Tuesday, June 6, 2023

I am nothing but a common thief. Or maybe a caloric one. Definitely a cinnamon one.

A couple months ago – time is flying! – Baghdad opened a Cinnabon store. At the time, I was temporarily working in a different office and, as a result that’s too complicated to explain, wound up at a little, private cinnamon roll party here in The Sandbox. They are as fabulous as I remember them, and now they come in different flavors, like caramel. We had some little ones, not the big giant ones, and it was a lovely treat.

For me, that’s pretty much the end of it, since it’s not like I can pop in a car and head to the mall and visit Cinnabon. Not, I guess, that I know it’s in a mall – it’s just somewhere in Baghdad. Our cafeteria does cinnamon rolls here and they’re incredibly tasty, though I try not to get them because … well, because they’re so tasty. And big. Huge. Like cinnabons.

However, last week or so, I noticed a Cinnabon bag crammed in the fridge on the office floor. Our building is configured to where there are multiple offices on a floor and there are 1-2 kitchens on each floor. Lots of people use the fridge, and, just like any other business on the face of the earth, people cram stuff randomly in office fridges. Some stuff just sits there, some gets eaten and some turn into science projects.

Ours has a bunch of milks and juice, like way too much considering there’s a little “grab and go” right downstairs if you really want something.

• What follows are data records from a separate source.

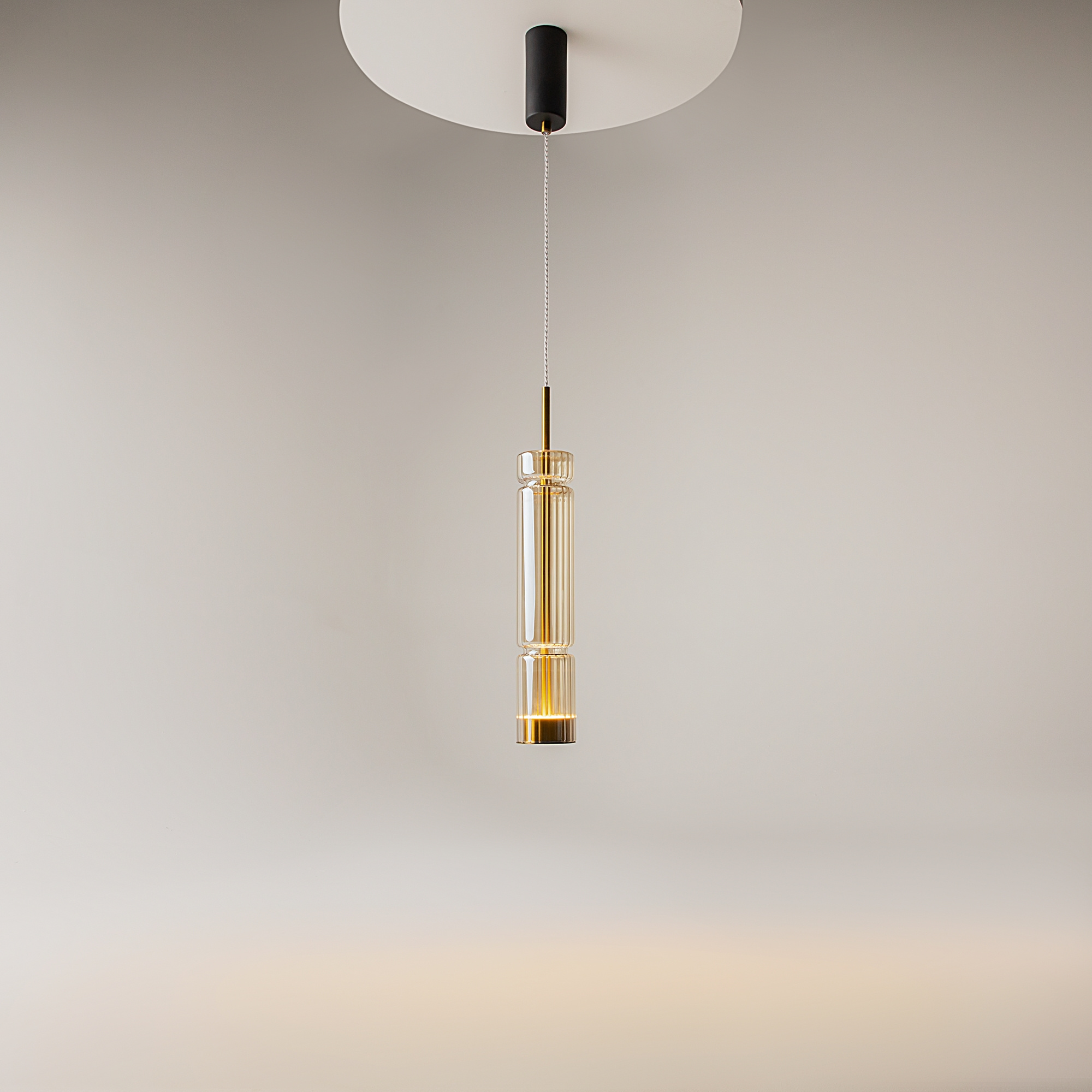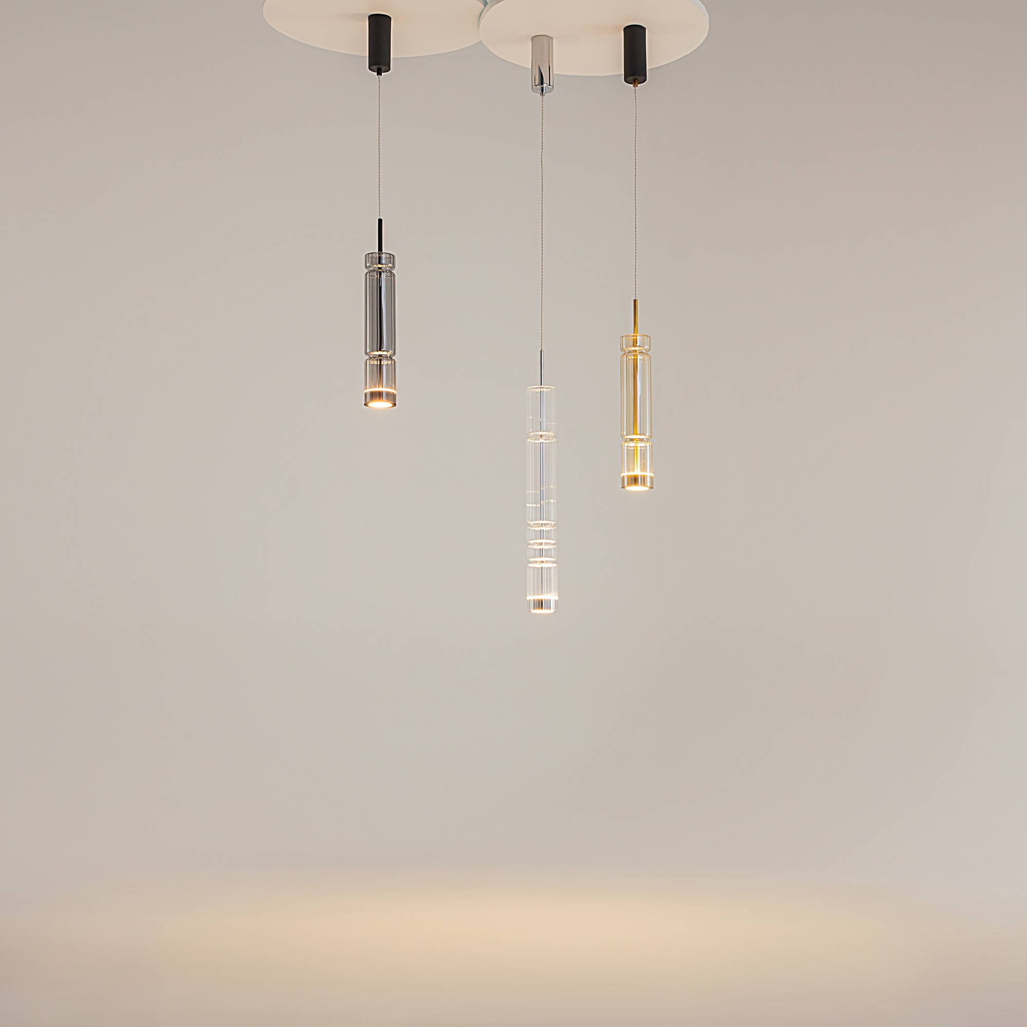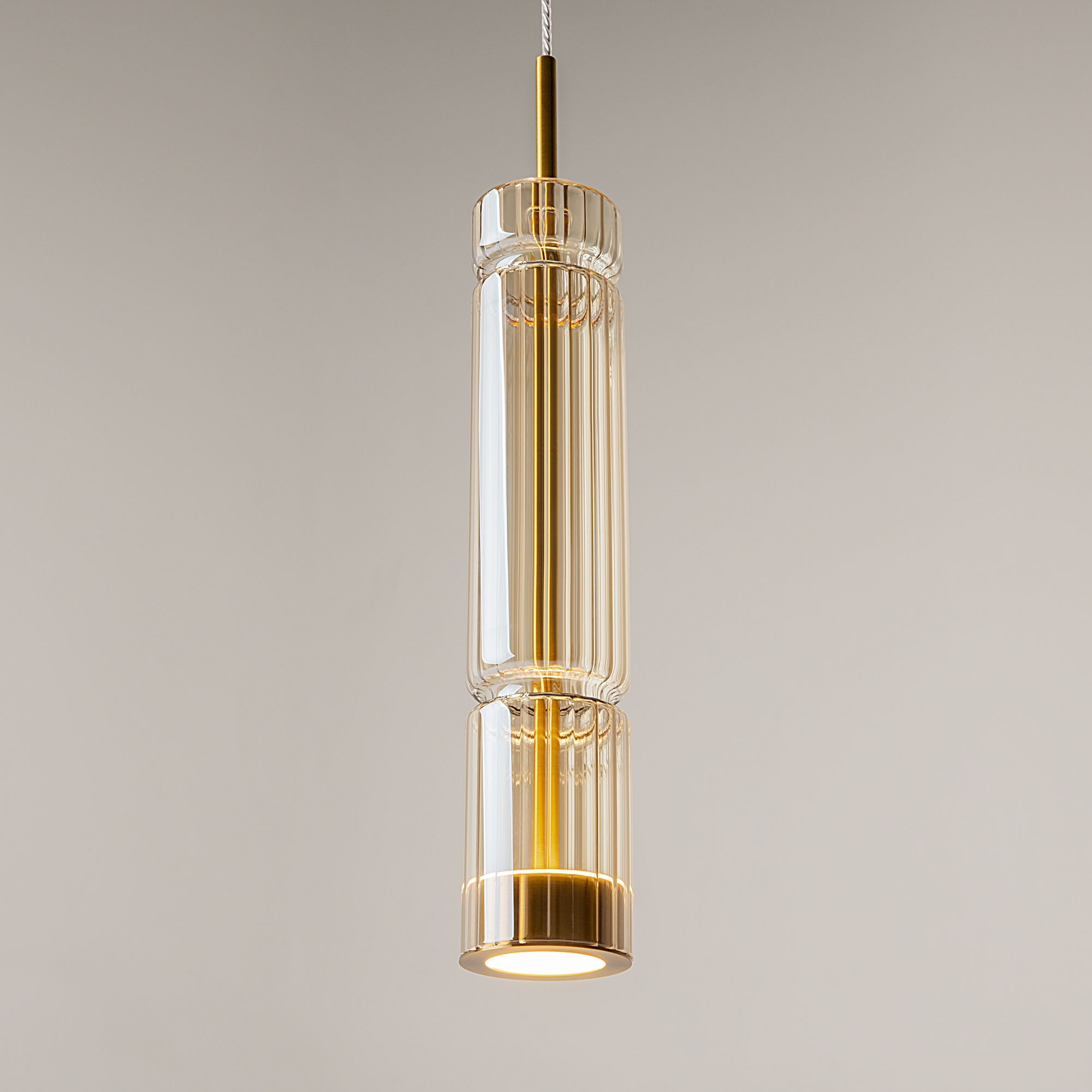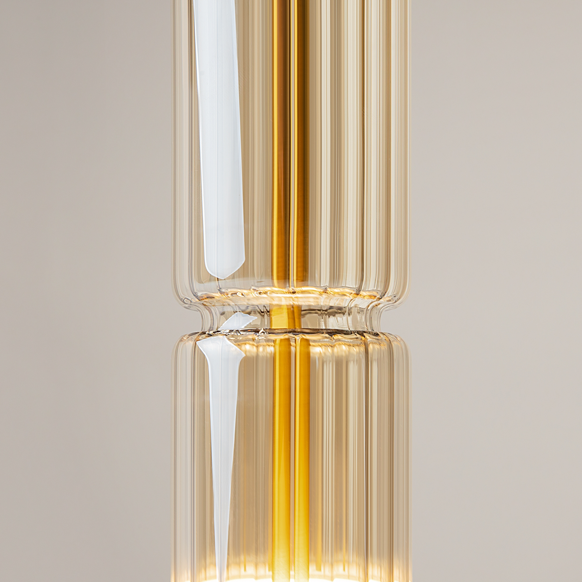 · Beschläge - Metall, Farbe - Chrom, Messing, Schwarz. Zylindrische Lampenschirme aus Glas mit vertikalem Reliefmuster in drei Farbtönen: transparent, Cognac, Rauch. Eine Metapher der antiken griechischen Tempelsäulen in Form von Leuchten. LED-Lichtquelle. Farbtemperatur 3000?.
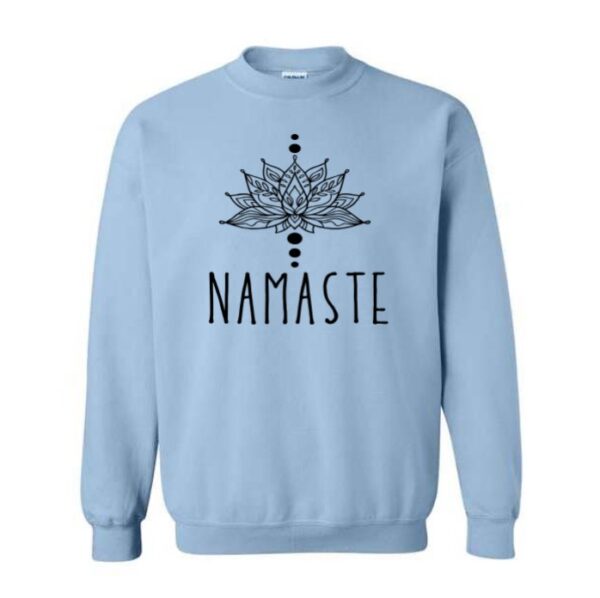 Crewneck de couleur bleu léger avec impression NAMASTE – Taille médium
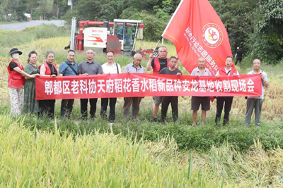 金秋时节,艳阳高照。郫都区安德街道安龙村的稻田里,稻浪翻滚、金穗飘香,一派丰收景象尽呈眼底。9月12日下午,郫都区老科协在此举行“天府稻花香”水稻新品种试验示范种植收割现场会。成都市老科协服务三农工委主任余建明率队赴此,与郫都区老科协会会长彭富全、副会长兼秘书长马洪春,三农工委主任余春林以及老科协银龄行动志愿服务队队员,共同参加水稻新品种收割现场会暨示范推广座谈交流活动。市、区老科协联手支农助农,以科技为笔,绘就乡村振兴丰收图景。

Most stuff originated from there or the cafeteria, so I have, from time to time, helped myself to an OJ or chocolate milk and just brought one in a bit later. Once in a while, something sits there for months and months and you realize it’s likely homeless. I adopted a water bottle for myself and re-homed an unopened bottle of some kind of wine that had been sitting around for over a year.

When a bag from Cinnabon appeared, my heart leapt, but I figured it would be gone by the next afternoon. Really, unless I snooped, I couldn’t even be sure what was in the bag. Every morning it was there when I put my tea in the fridge, though. And every afternoon it was there, too, tucked behind a liter of Sprite.

After a solid week, I considered it abandoned calories. It’s bread, after all. How good could bread be after a week in the fridge? Was it even full of cinnabons at all, or was someone just camouflaging their lunch in a bag with convenient handles and a tantalizing logo? I decided to go for it, so I peeked in the bag and discovered a box built for four cinnabons and containing three of them – the big ones, too! Instead of going for broke, I liberated one. I figured I’d give the rightful owner another chance to reclaim the other two, hoping that if it happened, s/he wouldn’t remember if there had been two or three left.

When I got home, I discovered how good a week-old flavored bread could be – utterly fantastic, at least after being heated up in a microwave. So good that, when the box was still there over the weekend, I took home a second one. I ate that one super slowly, to savor it, assuming that there’d be no way the third roll would go unclaimed or, in the event that it was, still be edible.

And lo, no one removed it from the fridge or even left a nasty note. The box was still there the following work week. At this point, I figured time was running out and went for it. Yesterday, I had half a cinnabon for lunch and half for dinner. Although I could definitely tell they had been in the fridge too long, I have no regrets. And, as of the morning, there have been no “who stole my cinnabon?!” notes on the fridge. I hope whoever abandoned them comes to terms with the fact if you put

The bottle of Sprite is still sitting there, no longer providing cover for the tasty treats. Gosh, they were good.

I cannot recall the last time I ate a Cinnabon in America. My assumption is there’s still one in the Governor’s Square Mall, but I have no idea. We had one in Minsk, but I don’t recall ever splurging on one. In my travels, though, I ran across one in Yerevan and I do remember enjoying a giant gooey treat there. Maybe that’s why I liked Yerevan so much.